Problem to work on: Find "We would like" in the material below, then write out that line and every line after it exactly, ending with the last one; skip the pictures.

Source data:
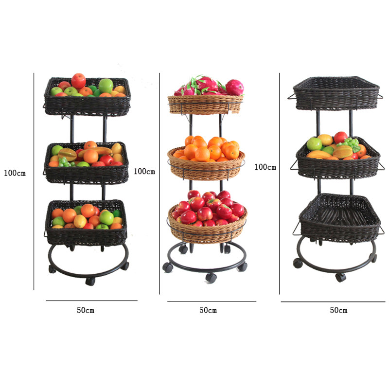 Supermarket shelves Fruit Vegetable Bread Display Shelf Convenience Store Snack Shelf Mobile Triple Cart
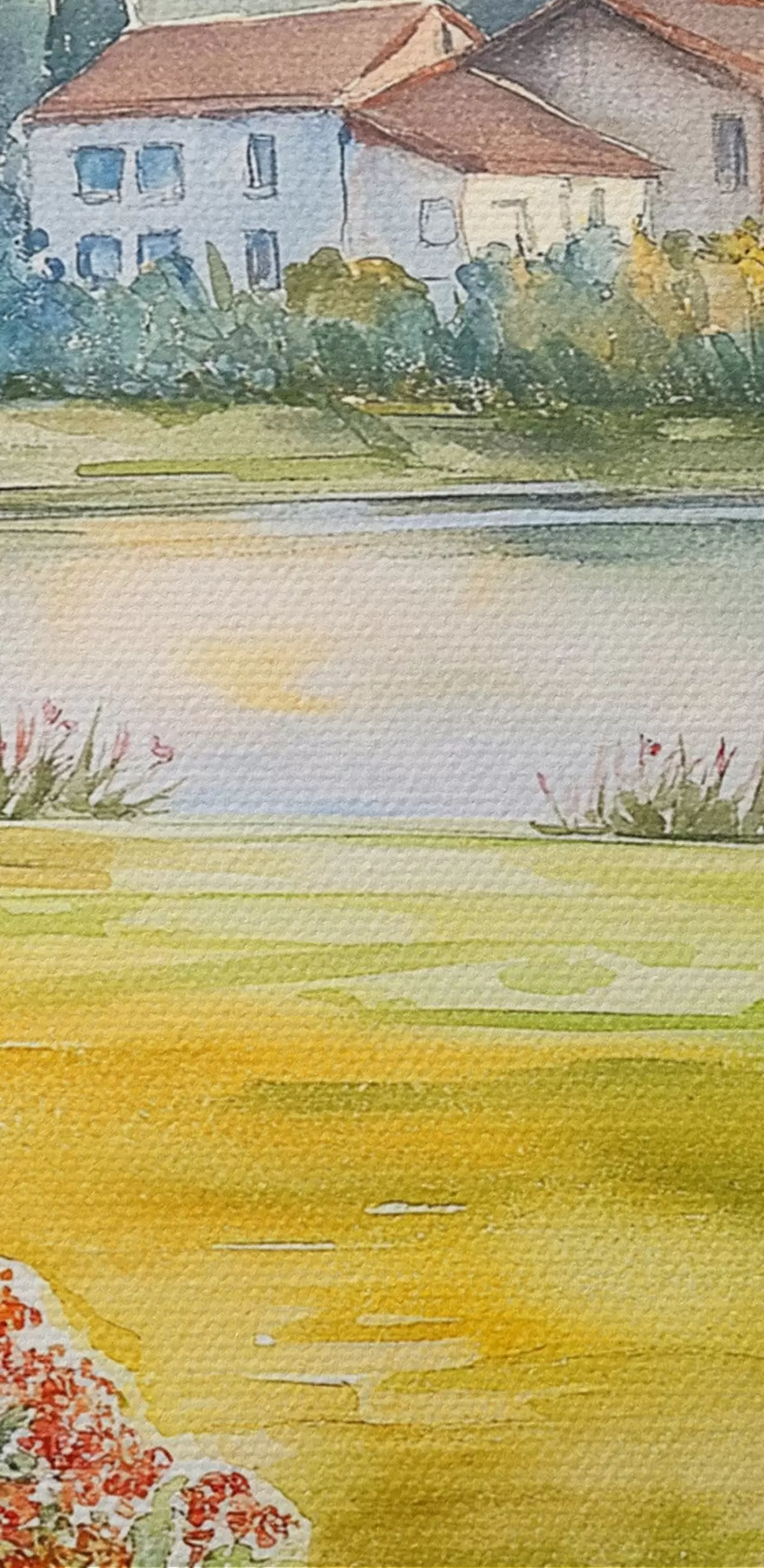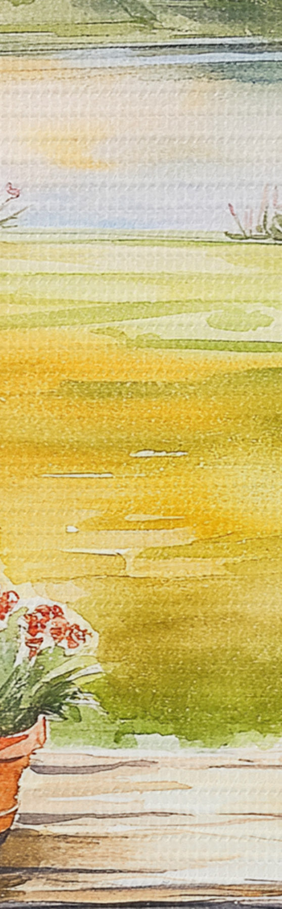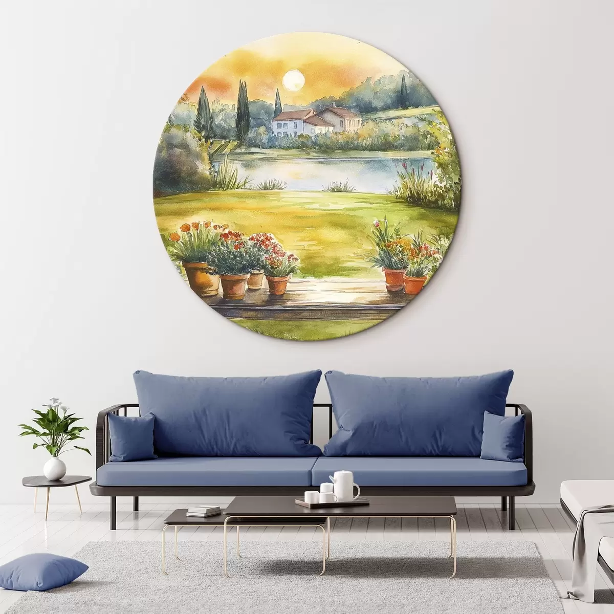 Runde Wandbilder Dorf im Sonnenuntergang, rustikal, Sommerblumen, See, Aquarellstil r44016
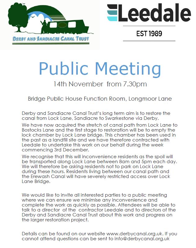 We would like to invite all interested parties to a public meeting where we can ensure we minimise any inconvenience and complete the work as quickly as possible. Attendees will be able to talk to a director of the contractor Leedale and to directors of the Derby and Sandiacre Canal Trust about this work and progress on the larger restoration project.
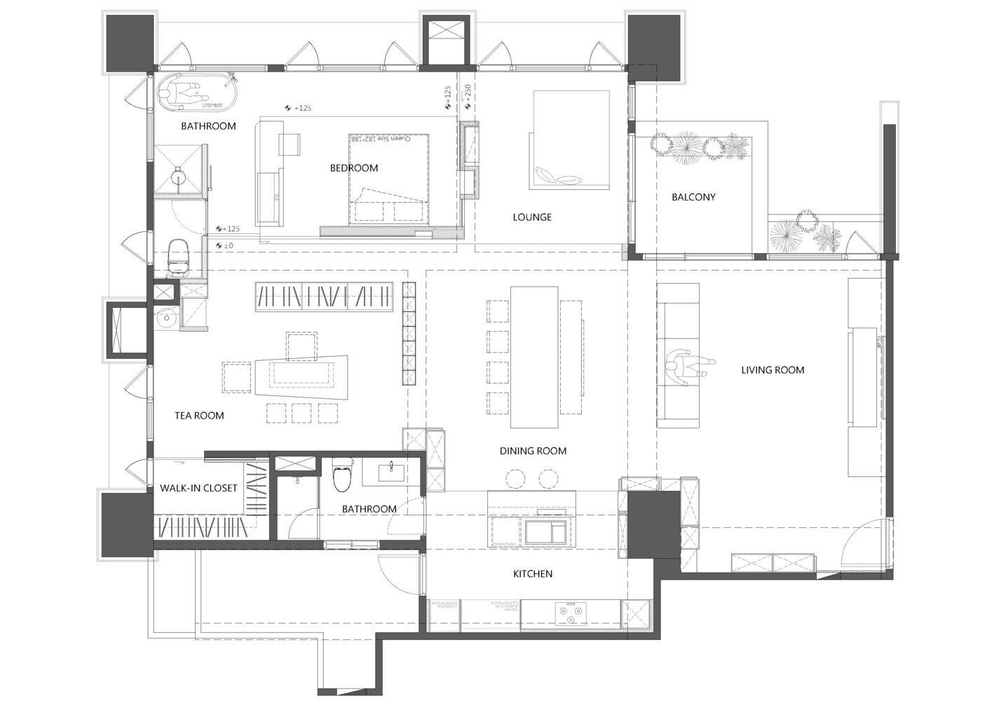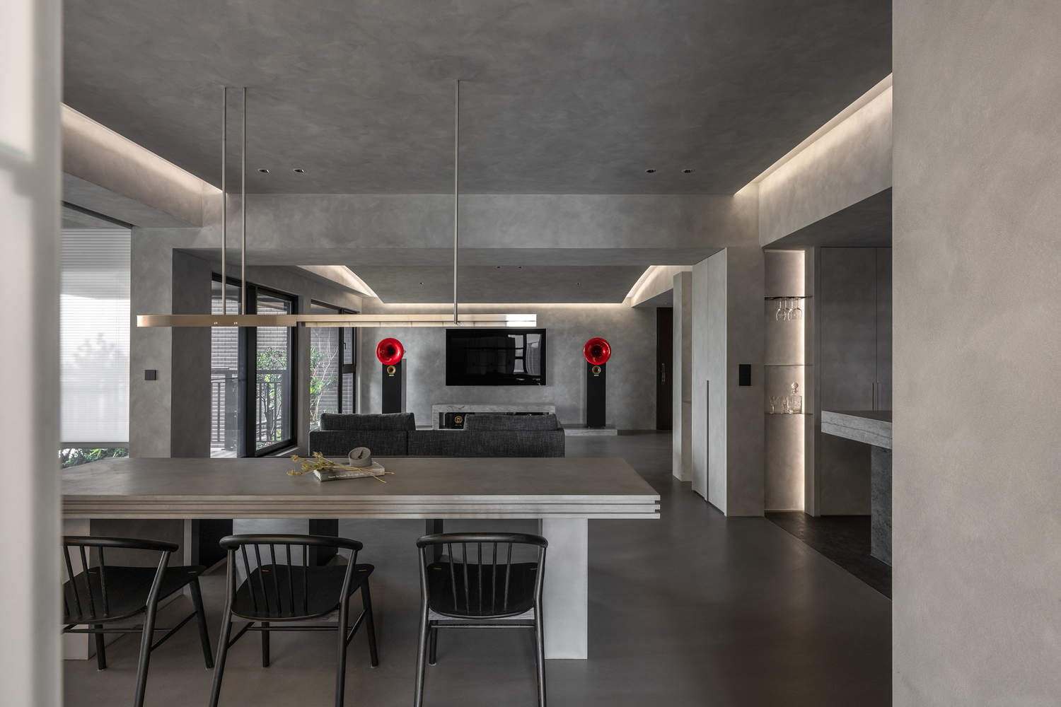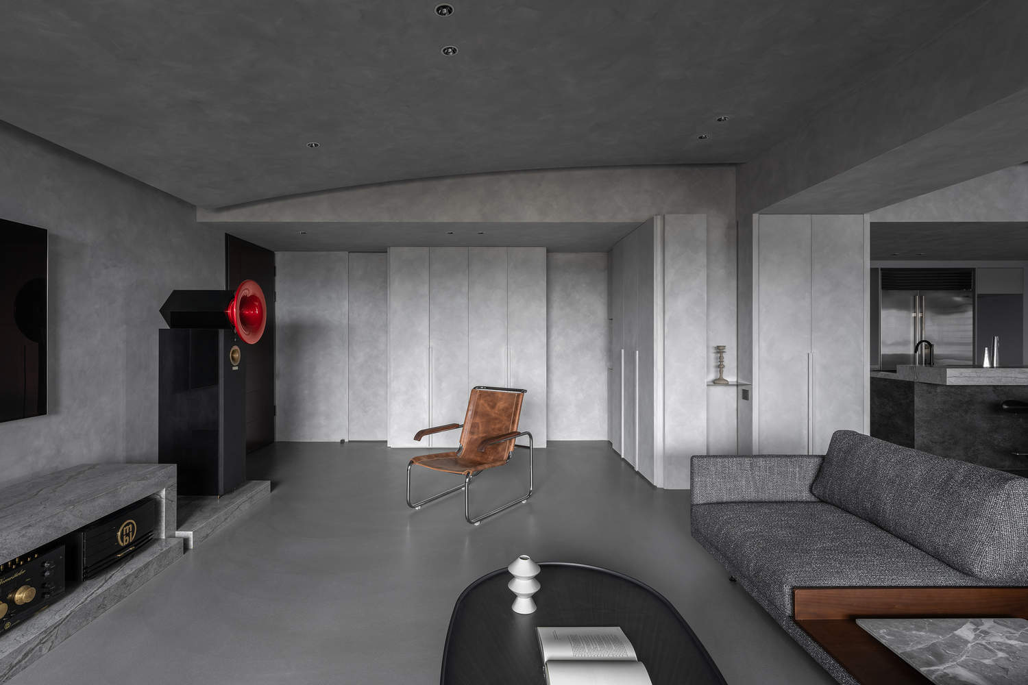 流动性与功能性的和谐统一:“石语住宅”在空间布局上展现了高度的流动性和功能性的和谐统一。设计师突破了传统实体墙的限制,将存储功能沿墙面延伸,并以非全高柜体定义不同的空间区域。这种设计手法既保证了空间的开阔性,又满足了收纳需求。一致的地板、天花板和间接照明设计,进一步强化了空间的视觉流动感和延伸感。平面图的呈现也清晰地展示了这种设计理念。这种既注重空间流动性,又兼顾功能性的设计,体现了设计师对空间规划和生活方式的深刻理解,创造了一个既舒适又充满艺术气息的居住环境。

Output:
 We would like to invite all interested parties to a public meeting where we can ensure we minimise any inconvenience and complete the work as quickly as possible. Attendees will be able to talk to a director of the contractor Leedale and to directors of the Derby and Sandiacre Canal Trust about this work and progress on the larger restoration project.
 流动性与功能性的和谐统一:“石语住宅”在空间布局上展现了高度的流动性和功能性的和谐统一。设计师突破了传统实体墙的限制,将存储功能沿墙面延伸,并以非全高柜体定义不同的空间区域。这种设计手法既保证了空间的开阔性,又满足了收纳需求。一致的地板、天花板和间接照明设计,进一步强化了空间的视觉流动感和延伸感。平面图的呈现也清晰地展示了这种设计理念。这种既注重空间流动性,又兼顾功能性的设计,体现了设计师对空间规划和生活方式的深刻理解,创造了一个既舒适又充满艺术气息的居住环境。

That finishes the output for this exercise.